Hey Christina, you found the right place if you want to connect with openly compassionate people that won't try and comfort you with fairy tales. I am so sorry for your loss. It is a tragedy to lose someone you love, especially a child. I could not imagine what you feel, but I can offer some words of relief.....my way.
I am not into reincarnation or anything, but I believe that the things we are as humans, the simple elements of the universe, return to the universe and the energy we are as living beings becomes a part of the cosmic harmony. I'm not going to tell you any god stories or tell you it is the "will of god", etc...etc... or any other nonsense. All I know is that when we pass, we in some way join the else and become one with the magnificent infinity.
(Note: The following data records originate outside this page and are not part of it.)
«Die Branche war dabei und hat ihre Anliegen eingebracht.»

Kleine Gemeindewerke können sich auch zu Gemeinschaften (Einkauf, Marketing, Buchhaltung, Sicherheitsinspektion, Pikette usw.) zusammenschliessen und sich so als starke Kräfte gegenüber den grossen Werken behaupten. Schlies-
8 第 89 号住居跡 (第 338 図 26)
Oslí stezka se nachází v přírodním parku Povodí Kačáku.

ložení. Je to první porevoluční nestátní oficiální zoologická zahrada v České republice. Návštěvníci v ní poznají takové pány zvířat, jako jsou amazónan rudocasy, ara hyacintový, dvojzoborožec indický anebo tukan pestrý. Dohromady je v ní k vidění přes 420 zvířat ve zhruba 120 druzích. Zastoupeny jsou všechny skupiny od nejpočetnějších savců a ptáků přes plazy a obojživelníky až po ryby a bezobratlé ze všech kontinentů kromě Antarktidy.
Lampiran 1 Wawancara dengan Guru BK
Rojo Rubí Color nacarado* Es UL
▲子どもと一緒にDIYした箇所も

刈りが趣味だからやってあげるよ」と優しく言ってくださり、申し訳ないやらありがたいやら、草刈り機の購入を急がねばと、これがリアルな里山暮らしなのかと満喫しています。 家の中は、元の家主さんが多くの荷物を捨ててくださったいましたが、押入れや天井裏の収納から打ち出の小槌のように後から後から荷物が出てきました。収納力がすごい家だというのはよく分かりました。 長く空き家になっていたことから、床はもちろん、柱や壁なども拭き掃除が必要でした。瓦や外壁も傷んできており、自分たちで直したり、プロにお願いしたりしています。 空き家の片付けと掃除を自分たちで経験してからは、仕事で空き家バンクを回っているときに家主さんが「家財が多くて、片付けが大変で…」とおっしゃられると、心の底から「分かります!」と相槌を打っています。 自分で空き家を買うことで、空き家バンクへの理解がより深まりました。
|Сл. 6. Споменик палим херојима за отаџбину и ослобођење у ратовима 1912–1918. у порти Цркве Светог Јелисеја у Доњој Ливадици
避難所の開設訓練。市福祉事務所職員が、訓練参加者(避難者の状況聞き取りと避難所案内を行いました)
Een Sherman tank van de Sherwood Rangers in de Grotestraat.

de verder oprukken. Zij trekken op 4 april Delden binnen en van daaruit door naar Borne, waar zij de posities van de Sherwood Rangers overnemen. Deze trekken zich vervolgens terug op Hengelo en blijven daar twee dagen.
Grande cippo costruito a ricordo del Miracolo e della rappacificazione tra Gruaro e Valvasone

We have no control over the death of others, but we can take in the joy of knowing that they are at peace, they feel no pain or fear and who they were lives forever etched in time.
My most sincere love and sympathy is extended to you....may peace be with you.
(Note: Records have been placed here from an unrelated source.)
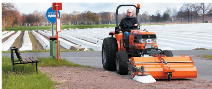
bema Kommunal 580 Dual mit Seitenkehrbesen - optimal für Bordsteine, Rinnsteine und an Gebäuden
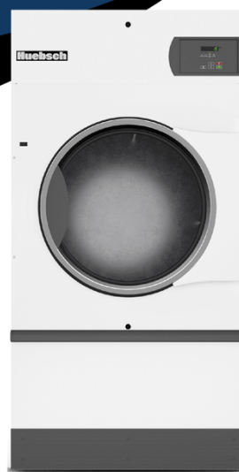
55 Lbs HT055QT

Secadora basic electronic, 55 Lbs, control gas 240/60/1
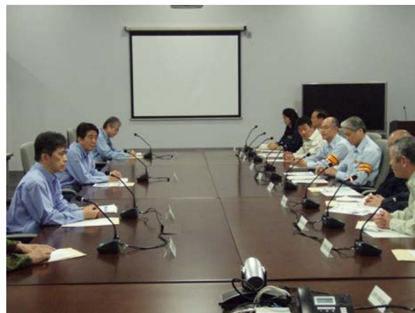
栃木県知事との意見交換 【栃木県庁】
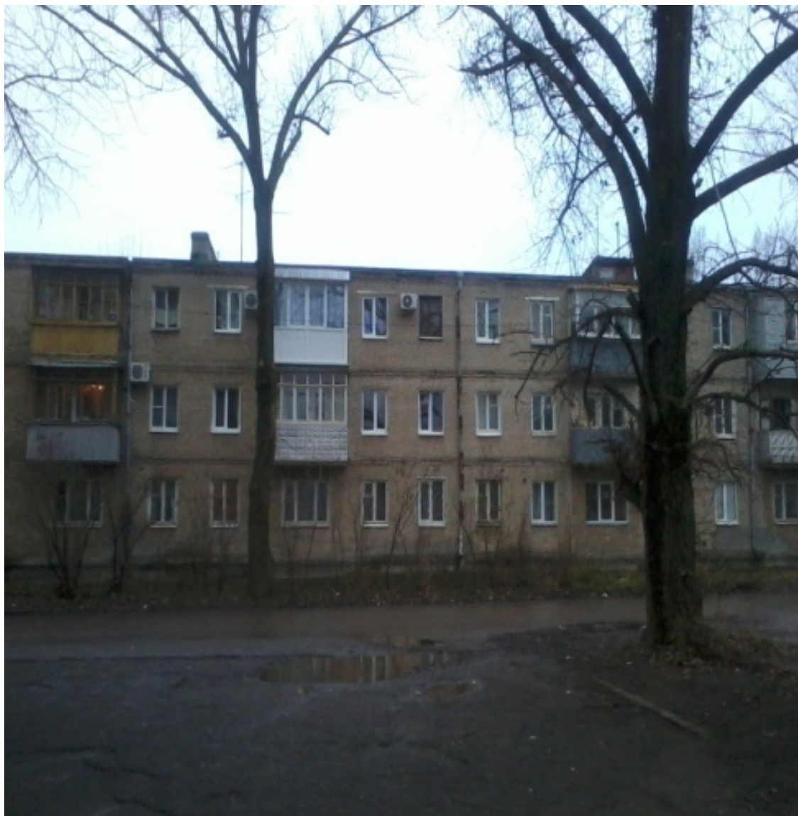
Шаумяна, 8 Шаумяна, 9

Заехав с Лизы Чайкиной на мост, справа мы увидим «Новый вокзал» (или, как пишут в справочниках РЖД – ж/д станцию «Таганрог-1») и множество многоэтажек вокруг него. Вдоль железной дороги в этом месте со стороны ул.Инициативной расположена небольшая лесополоса. Слева же от Бакинского моста мы увидим старый разрушенный мост, а за ним – бывший «Стахановский» городок. Вот о нем мы сейчас и поговорим. Начинается он единственным по настоящему «спальным» районом Таганрога. Этот «райончик» состоит из двух основных улиц – Урицкого и Шаумяна. На них расположены 3-4-5 этажные «хрущевки», построенные во времена развитого социализма, «выросшая» на излете этого социализма 16-ти этажка и парочка совсем новых малоэтажных многоквартирных домов на месте бывшего футбольного поля. Особой популярностью квартиры в этом «райончике» почему-то не пользуются, хотя до «Нового вокзала» идти 10 минут прогулочным шагом, есть здесь продуктовые магазины, детский сад, средняя школа №31.

I can't possibly understand what you're going through and hope I never have to find out firsthand what hell it must be (I have 18 and 16 year old sons - the loss of either is unimaginable). For what its worth, you and yours have my sincere and deepest sympathies.
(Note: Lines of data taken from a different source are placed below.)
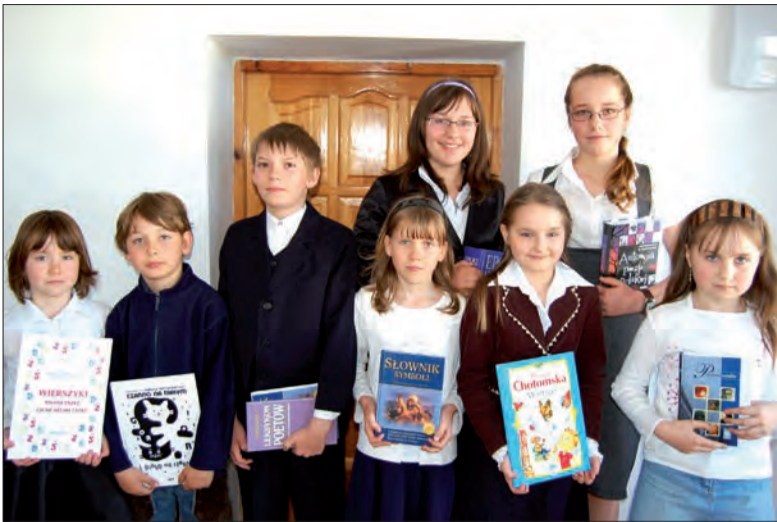
Laureaci etapu gminnego konkursu recytatorskiego. Oni reprezentować będą gminę Bolimów w finale w Skierniewicach.
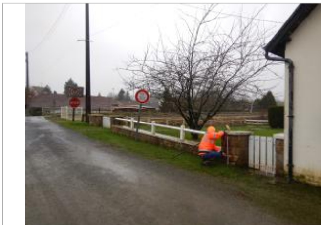
Le site est un poteau en pierre, à l'entrée d'une maison privée.

Coordonnées WGS84 : X: 1.80220130 / Y: 50.45523240 Coordonnées RGF93 (Lambert 93) X: 614815.08 / Y: 7040398.65 Coordonnées RGF93 (ETRS89) : X: 1.8022013 / Y: 50.4552324 Code Hydro : E54-003- Rive de référence : Gauche
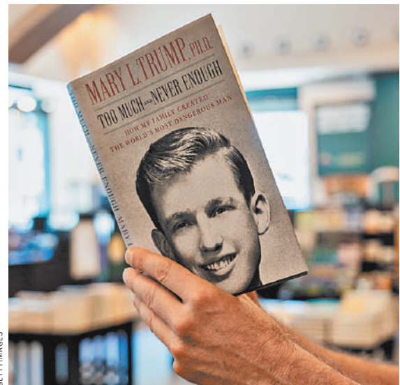
Разгромная книга Мэри Трамп о своем дяде Дональде — «самом опасном человеке в мире» — в 2020 году стала бестселлером.
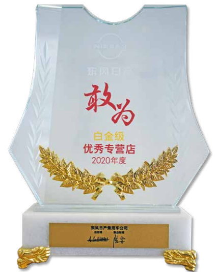
中山市東日汽車銷售服務有限公司斬獲東風日產乘用車公司「白金級優秀專營店」
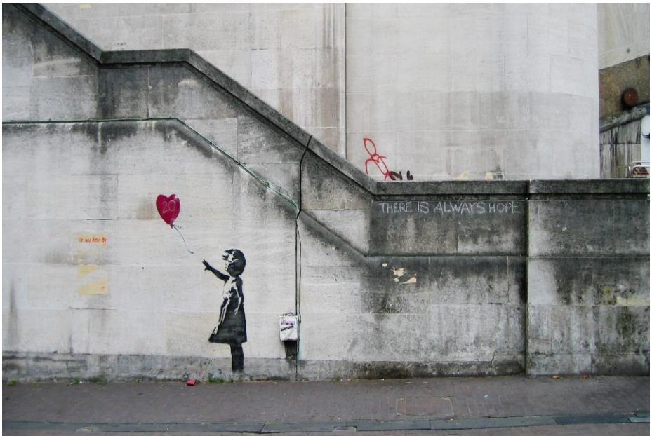
« Banksy Girl and Heart Ballon » par Banksy, Londres
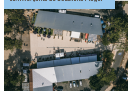
Une place des commerces rénovée pour conforter l'offre des commerçants de Soustons Plage.
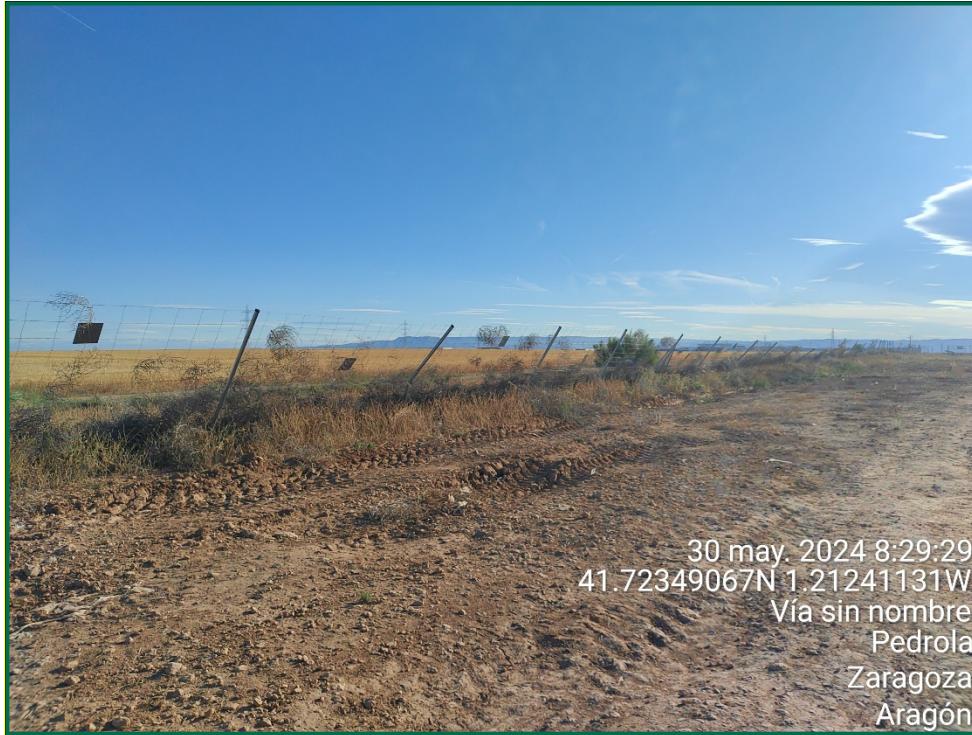
Fotografía 11. Vallado doblado por la acción del viento.

Se ha realizado seguimiento de avifauna durante el proceso de la obra en el mes de septiembre, y se han avistado las siguientes especies: cuervo grande ( Corvus corax ), corneja negra ( Corvus corone ), milano negro ( Milvus migrans ) y chova piquirroja ( Pyrrhocorax pyrrhocorax ). Además de otras especies de menor embergadura como pueden ser calandria común ( Melanocorypha calandra ), cogujada montesina ( Galerida teklae ), alcaudón real ( Lanius meridionalis ), estornino negro ( Sturnus unicolor ) o pardillo común ( Linaria cannabina ).

I think Kristy has said it perfectly. Keeping alive and passing on to others who and what he was, today and in future, is a wonderful way to find some measure comfort and continue to enjoy life. And BRAVO for starting the Godless Greif group - there really can be strength in numbers, and you given others a place to begin to find their strength again.
Welcome to Atheist Nexus Christina. I'm Kris from Australia. I am so sorry for your terrible loss. I'd like to share with you how our family dealt with my father's death many years ago. We laughed. We remembered him with such joy. We laughed at all the funny things he said and all the silly things he did. If something happened, to which he would have responded with a familiar phrase, we'd repeat it for him.
We say, "Norm would have loved this ...." without any sense of loss now. It's a way of including his memory into present events. We know if he still lived our house would be groaning under the weight of the latest computers, plasma television, x-boxes, wii's, blackberries, and surround sound systems!!!! Thank the Flying Spaghetti Monster he didn't live to see the technological age in full flight - we'd be stony broke!
As atheists we don't hold a belief in the hereafter. But our loved ones remain very much 'alive' through our memories. It is our responsibility to keep those memories joyful and not bury them in grief. That way, we can pass on the memory of our lost loved one down the generations as a real, three dimensional, joyous human being - not some dusty faded memory of a life piously grieved. With biggest, warmest hugs, Kris
she is ok...she went through 6 rounds of chemo and a stem cell transplant she finally finished it all and came home thet December but this dec they found another tumor,,,,,so far it hasnt grown so the docs are pretty sure it isnt cancer again but they are keeping a close eye on it with MRIs every 8 weeks
I lost my husband 3 years ago and I can tell you nothing anyone says will really make you feel better, there isnt a majic word but knowing people cared and were there for me to talk to if I needed it was comforting.I understand where you are coming from when people say things like that.My husband had cancer,he was diagnosed 10/05 and passed away 5/06 a month before he passed away our 22 month old was diagnosed with a malignant brain tumor.I was so sick of people telling me god did things for a reason, that when he closed 1 door he opened another, that he didnt give us more than we could handle becuase that was all BS.I am here for you anytime and I am so sorry for your loss and the pain you are feeling.I am deeply grateful to you child for defending us and our country,it seems inpossible now to imagine a time when you wont feel like a walking open wound but it will come,,I dont remember how far out from his passing it was but one day I realized I was able to look back at memories and enjoy them and smile with out crying and that was a wonderful day, I felt like I had gotten a part of him back to be able to enjoy the memories.
First off..let me just say what a brave and strong woman you are. Please don't take that as cliche...I truly mean it. That you are even comprehensive leaves me in awe..I don't know that I would have the strength to survive after losing a child. No parent should ever have to bear witness to such grief. I recently lost my younger son's father to a shotgun accident. His mother is falling apart while trying to hang on. I still have trouble with it. It is very annoying and patronizing when I hear those damn religious platitudes you mentioned--they are not comforting, but ridiculous. Thank you for posting this...and welcome to the nexus!